Me fascinás, Fernando Vallejo

Con todo y su irreverencia, sus blasfemias, sus sacadas de clavo, su pesimismo, sus insultos, sus ganas de escandalizar, sus exabruptos, su todología. Qué le vamos a hacer.

Con Fernando Vallejo me pasó lo que a muchos con la primera copa de licor o el primer pucho de marihuana: lo probé y me enganché.

Leí hace años Los días azules, el punto de partida de esa novela río –que no sé si es novela o no, no soy crítica ni hermenéutica ni nada que se les parezca, ni quiero serlo-, El río del tiempo, y, ¡plop!

Me fascina Fernando Vallejo, qué le vamos a hacer; aunque no coincidamos en muchas cosas, aunque no todos sus escritos me gusten. Algunos, pocón. Pero la mayoría son una gozada para mí. (“Dos personas no leen nunca el mismo libro”, dijo, con razón, el escritor norteamericano Edmund Wilson). Con todo y su irreverencia, sus blasfemias, sus sacadas de clavo, sus desafectos gratuitos o no, su pesimismo, sus insultos, sus ganas de escandalizar, sus exabruptos, su todología… Y, por sobre todo, con su amplio saber, su manejo del lenguaje, su humor negro azabache, su escritura desatada.

Solo alguien así podía haber escrito Memorias de un hijueputa (Alfaguara), lanzado en la Feria del Libro de Bogotá. Una especie de boutade en la que Vallejo no deja –en sentido literal- títere con cabeza. (Debió quedar más livianito…)

Médicos, periodistas, jueces, banqueros, los expresidentes vivos (se le escapó Samper), faracos, paracos, músicos (Tchaikovsky no, por favor), pintores (de acuerdo, El Grito de Munch supera al Guernica de Picasso), escritores (a mí sí me gustan César Vallejo y otros más), pobres, ricos, católicos, judíos, mahometanos, raperos, grafiteros, embarazadas, almacenes Éxito, El Colombiano, los colombianos, la antioqueñidad, el clero completico, Fulanito, Peranito, etcétera y etcétera, por la razón que sea, no escapan al ojo de águila del alter ego del escritor, el dictador que gobierna Colombia: “Yo soy el que ordena, yo soy el que manda, yo soy el que habla” (p. 11).

Y yo, lectora impenitente, no paso dos páginas sin interactuar con él.
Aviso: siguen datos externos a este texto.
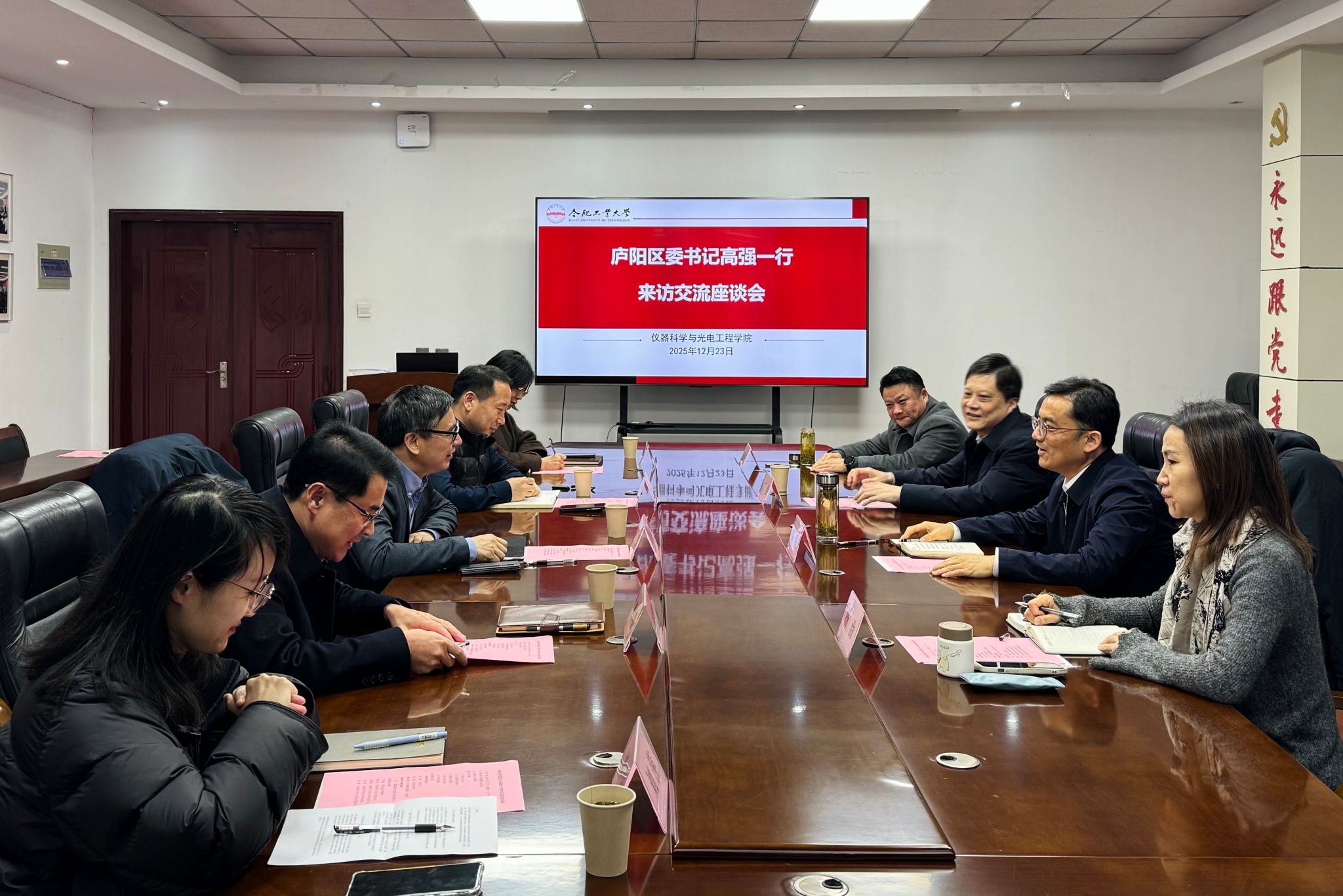 会上,丁立健首先代表学校对高强书记一行来访表示热烈欢迎,并详细介绍了学校的办学历史、学科布局、科研方向及在高端仪器和传感器等领域的研究成果。他表示,学校始终坚持面向国家重大战略需求和区域经济社会发展,在相关领域拥有深厚的技术储备和人才优势,期待与庐阳区展开全方位合作,实现产学研深度融合。

Lo tacho, lo subrayo (también amo los perros y soy consciente del cuidado del planeta), lo contradigo (creo en el ser humano y respeto todas las creencias), lo felicito (así se critica a la Colombia corrupta), lo complemento. Y suelto carcajadas con sus batallas contra los molinos de viento, en compañía de Peñaranda, el fiel Sancho de esta historia. Y me resbala lo que dice de mí, de las mujeres: “¿Habrá error más grande de la Evolución que estas tetrápodas de dañina esencia? ¿Tanto tanteo durante miles de millones de años para llegar a semejante cosa?” (p.151).

Y concluyo: será por eso, por el tal error evolutivo, que me gusta tanto leerlo. Sin propósito de la enmienda, qué le vamos a hacer.

ETCÉTERA: Ve, Peñaranda, decile a Su Excelencia que le diga a Vallejo que la telenovela Sin tetas no hay paraíso no está basada en ningún libro de “nuestro escritor Abad” (p.170). Está basada en una obrita efímera de un libretista que se dio a conocer exprimiendo el limón de la estética mafiosa. Un tal Gustavo Bolívar.